STILLPOINT Archive: last updated 12/06/2013


The First Ten Years: The Jerusalem and Athens Forum

The Jerusalem and Athens Forum (JAF) honors program marks its tenth anniversary this year. Since its inception as part of a major grant from the Lilly Endowment in 2004, its mission has remained the same: “Through a great- books course in the history of Christian thought and literature, and a variety of other program components, JAF helps students reflect on the relationship between faith and intellect, deepen their own sense of vocation, and awaken their capacities for intellectual and moral leadership.”

Great Books—and Beyond
But it is more than a great books program. “Since its earliest days, the program has intentionally sought to be more than a program that sequesters the best away from the rest,” says (history), the founding director. JAF holds an annual public debate, requires participants to submit essays to The Tartan and poems to The Idiom, and each semester it holds public faculty- student discussions on topics of pressing or perennial importance (or both).

The debate, in particular, has become an annual campus “event,” drawing in hundreds of students along with parents, faculty, and guests from the community. The open faculty-student discussions pack a punch as well. Past discussions run the gamut from the timely to the controversial to the imponderable, including topics such as the nature of economic growth, physician-assisted suicide, the nature of evil, tradition and the Bible, secularism, bioengineering, public and private debt, and more.

Time Travelers
“Two convictions lie at the heart of the program,” says Howard. “That for all its strengths, evangelicalism needs to 1) do a much better job of drawing from and participating in the breadth of the Christian intellectual tradition and, accordingly, 2) take the life of the mind more seriously—for God has created our minds, not just our hearts.”

Toward these ends, a cohort of 14 students every year since 2004 has encountered in a small-group format the writings of Athanasius, Augustine, Benedict, Aquinas, John Milson, Pascal, Teresa of Avila, Luther, Calvin, Dostoyevsky, Martin Luther King, C. S. Lewis, Flannery O’Connor, and others.

Location, Location, and Location
The program also serves as a bridge between Gordon and the cultural opportunities afforded by Gordon’s location. Over the years, JAF participants have visited a Shaker village, the Museum of Fine Arts, the Peabody-Essex Museum, Harvard’s Fogg Museums, Hellenic College, Boston College, the Museum of Science, and more. What is more, alumni trips have taken students to farflung destinations including Orvieto, Rome, Florence, Wittenberg, Berlin, Washington, D.C., and San Antonio, Texas.

Word of the program has spread far and wide. “Gordon College’s Jerusalem and Athens Forum is a model of Christian undergraduate excellence. The graduate fellows that we have accepted from this program have been invariably of a high caliber,” says Joe Creech, Program Director at the Lilly Graduate Fellows Program at Valparaiso University.
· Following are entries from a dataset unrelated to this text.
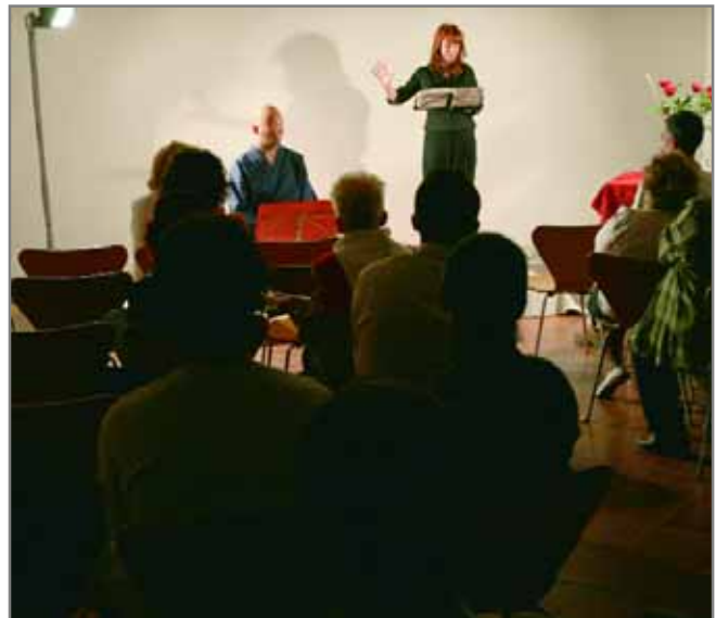
A les Festes de Sant Jordi del 2007 es va fer una sessió de contes zen

Si hi vols participar, pots adreçar-te a la Biblioteca Miquel Martí i Pol (avinguda de Barcelona, 83-85, telèfon 93 477 12 82) o bé enviar un correu electrònic a: b.st.joand.mmp@diba.cat o asp@sjdespi.net , fins al 12 de març.
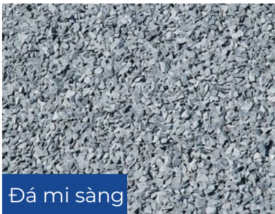
Đá mi sàng
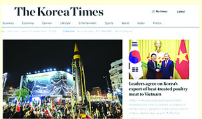
The Korea Times đưa tin về thỏa thuận đạt được giữa Việt Nam và Hàn Quốc trong nhiều lĩnh vực.

The Korea Times đưa tin về thỏa thuận đạt được giữa Việt Nam và Hàn Quốc trong nhiều lĩnh vực khác nhau bao gồm thiết bị y tế, đường sắt, trí tuệ nhân tạo (AI), pin sạc, sở hữu trí tuệ và nội dung
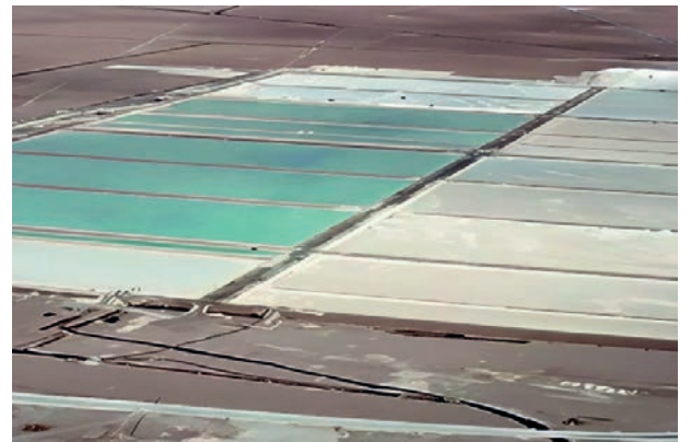
La extracción de litio implica bombear salmuera desde debajo de los salares chilenos hasta piscinas de evaporación.

Esta alianza podrá extraer, hasta el 2060, unas 2,5 millones

The Jerusalem and Athens Forum been singled out by the Intercollegiate Studies Institute’s Choosing the Right College. Along with Gordon’s Elijah Project, JAF is even the subject of a chapter in a forthcoming book by William Sullivan, a former senior scholar at the Carnegie Foundation for the Advancement of Teaching.

Where They Go
JAF has helped launch students into some of the most prestigious and competitive graduate programs, at universities including Yale, Princeton, Notre Dame, Boston College, Boston University, Duke, the University of Edinburgh, Oxford, Rutgers, the University of Pennsylvania, and Brandeis. Program alumni have interned or worked at the White House, the National Endowment for the Arts, the Wall Street Journal, and the Consortium of Christian Colleges and Universities.

“The Jerusalem and Athens Forum was one of the most meaningful and important experiences of my undergraduate career. I received rigorous academic training and participated in a meaningful community of students and professors,” says Elizabeth Baker ’12, who participated in JAF during her sophomore year at Gordon. She is now pursuing a Ph.D. in history at the University of Notre Dame, where she is a Presidential Fellow and a member of the sixth cohort of the Lilly Graduate Fellows Program.

Reunions
JAF celebrates its tenth anniversary with two events. The first, a panel of JAF alumni, took place during Gordon’s 2013 Homecoming and Family Weekend in late September. After the discussion, panelist Amy Gentile ’08 emphasized that JAF “remains the most memorable educational experience of my life thus far. I tell people that all the time, and I’m so thankful for how that course shaped me as a student, as a thinker, and as a teacher.” She currently teaches math and writing for an innovative new online high school program in New Hampshire.

The second event marking the anniversary will be a banquet celebration around the time of the tenth annual JAF debate in April 2014.

Since 2004, the JAF program has accepted 140 participants. “Many species live for 10 years or less,” says Tal Howard, “but I’d like to think that the JAF program has just emerged from infancy to adolescence. The road ahead is now paved with more than good intentions; we can draw on the wisdom of what we’ve learned.”